I recently went to see the Water Street Theatre’s production of “Shadowlands”, the play by William Nicholson, about the love affair between an aging C.S. Lewis, the Christian apologist, and an American poet, Joy Grescham.
I like the Water Street Theatre. We’ve been subscribers for about three years now. It is a dedicated little professional theatre company that operates in a small space (about 200 seats) and maintains a high level of polish in their productions. If they have one weakness, however, it is that almost all of their productions lack the fire, the spark, the intangible element that brings good theatre to life. First-rate theatre companies find this spark about half the time. Community theatre groups are lucky if it strikes once in two years. One of the luckiest plays is Shakespeare’s “Midsummer Night’s Dream”– it seems to weave it’s own magic. The Water Street Theatre, however, has never found it. I don’t know why it eludes them. There is something about the composition of the company, the combination of actors and directors and scripts that just doesn’t work.
For one thing, Theatre and Company takes bigger risks than most community theatre groups, but never a really big risk. For another thing, they occasionally do something really dumb. And one of the dumbest things they do, about once a year, is a British play, in accent.
I think most fourteen-year-olds with a minor interest in theatre know that you should never do an accent unless you can do it well. Alan Sapp, who played C.S. Lewis in “Shadowlands” can’t do it. Not even close. In fact, embarrassingly distant.

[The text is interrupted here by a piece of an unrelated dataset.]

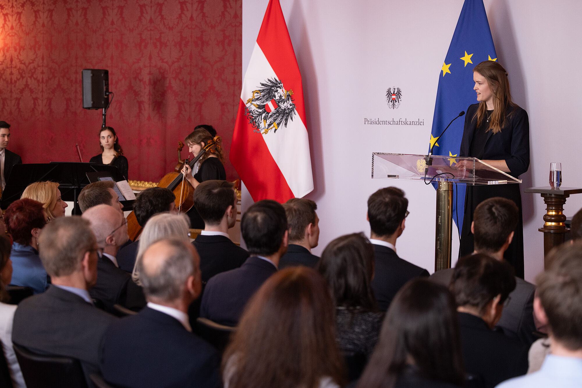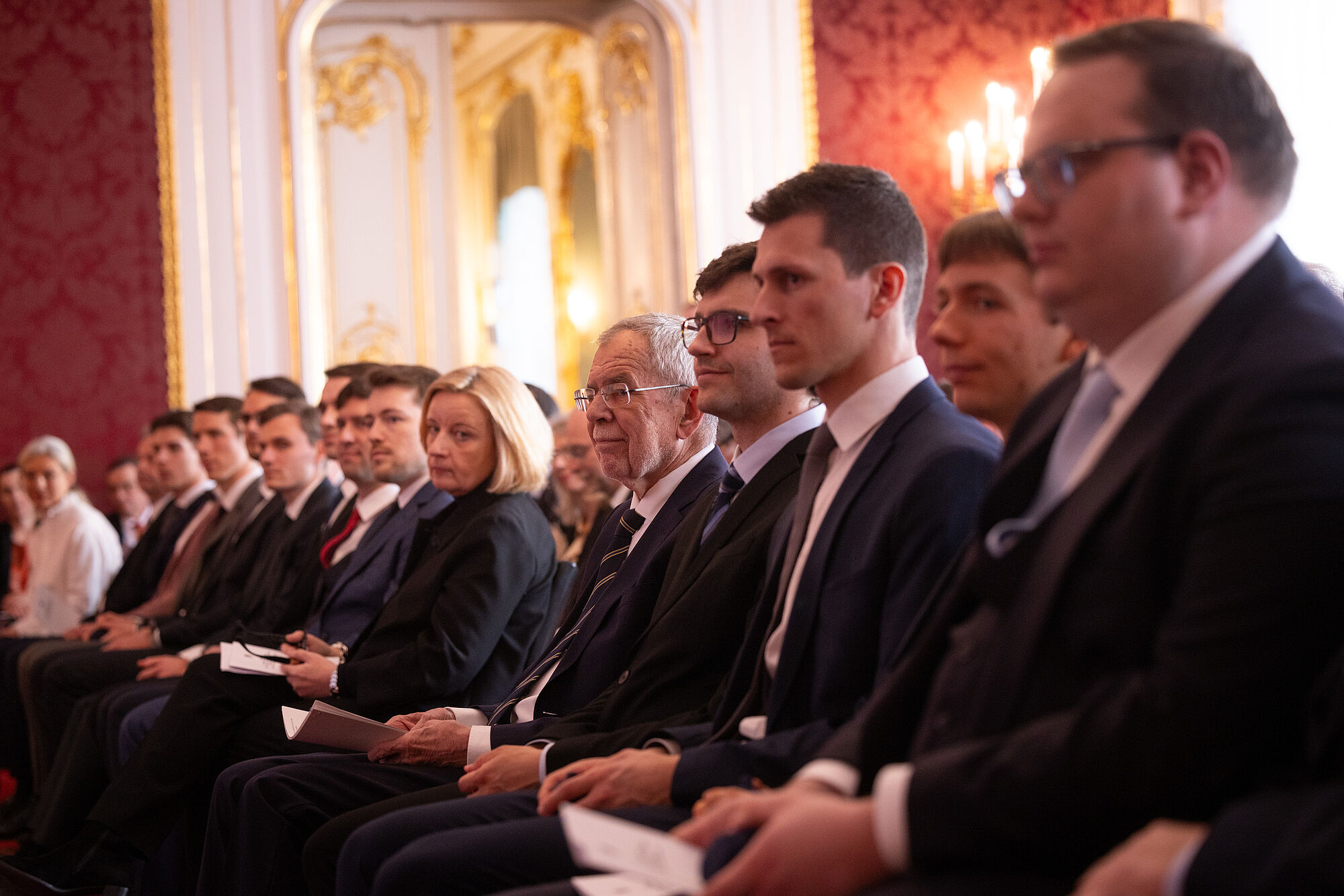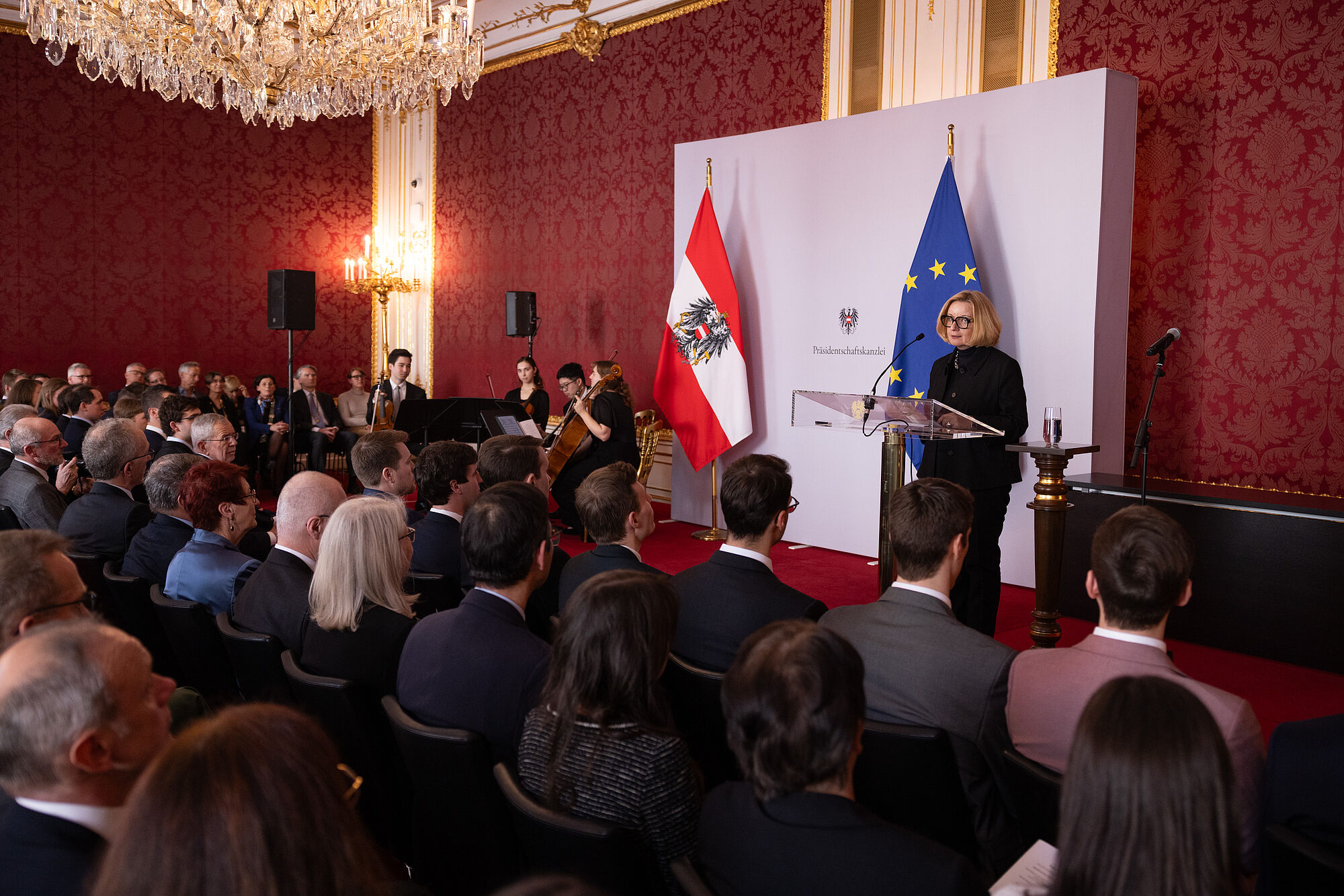 Bundespräsident Alexander Van der Bellen nutzte seine Rede in der Geheimen Ratsstube für ein Plädoyer für eigenständiges, kritisches Denken gerade auch in Zeiten von Künstlicher Intelligenz. Die KI könne vielleicht große Datenmengen effizienter analysieren. Ob sie aber Neugier kenne oder den Drang, Dinge zu verstehen, etwas Neues zu erschaffen oder Verantwortung zu übernehmen, stellte der Bundespräsident in Frage. "Sie bringen all diese Fähigkeiten in höchstem Maße mit. Ihre akademischen Leistungen sind auch deshalb so viel wert, weil sie ihre eigenen sind", so Van der Bellen in Richtung der Ausgezeichneten. Es sei ein Qualitätsmerkmal von Wissenschaft, unsicher zu sein und Antworten zuerst einmal nicht zu wissen und im Notfall auch alles umzukrempeln. Wissenschaft sei eine stetige Suche. "Sie alle tragen mit Ihrer Leistung dazu bei, dass wir es eben immer besser wissen."

I don’t think he uttered a single compound sentence all night without wavering back and forth, between British and Canadian. The result was like watching Tonya Harding skate: sure, she’s got the training and the outward skills, but she can’t hide the trailer park make-up or the bingo-hall manners.
The accent wasn’t the only problem. Sapp was surrounded by actors, good ones, who knew timing and intonation and rhythm, and proved over and over again that he didn’t. And in scenes with Linda Bush as the dying Joy Gresham, he displayed all the warmth and sensitivity of a buccaneer. He emoted towards the audience mostly.
One of the reviews tacked up in the theatre lobby claimed that the only good thing about the second act was Sapp’s brilliant performance. I think this reviewer confused style with substance here. Sapp raised his arms often and gestured towards the audience and hammered away at his lines like a good thespian should. But none of it belonged in the play. There was a dying woman on the bed, but Mr. Sapp might as well have been standing on a soapbox, or a pulpit.
I never liked C.S. Lewis, and I never understood why he was so popular with Christians. He was really a stuffed shirt, a prig, and he held archaic views on almost everything. The charm of his Narnia stories has always eluded me, and as an apologist for Christianity, none of his ideas were new or particularly convincing.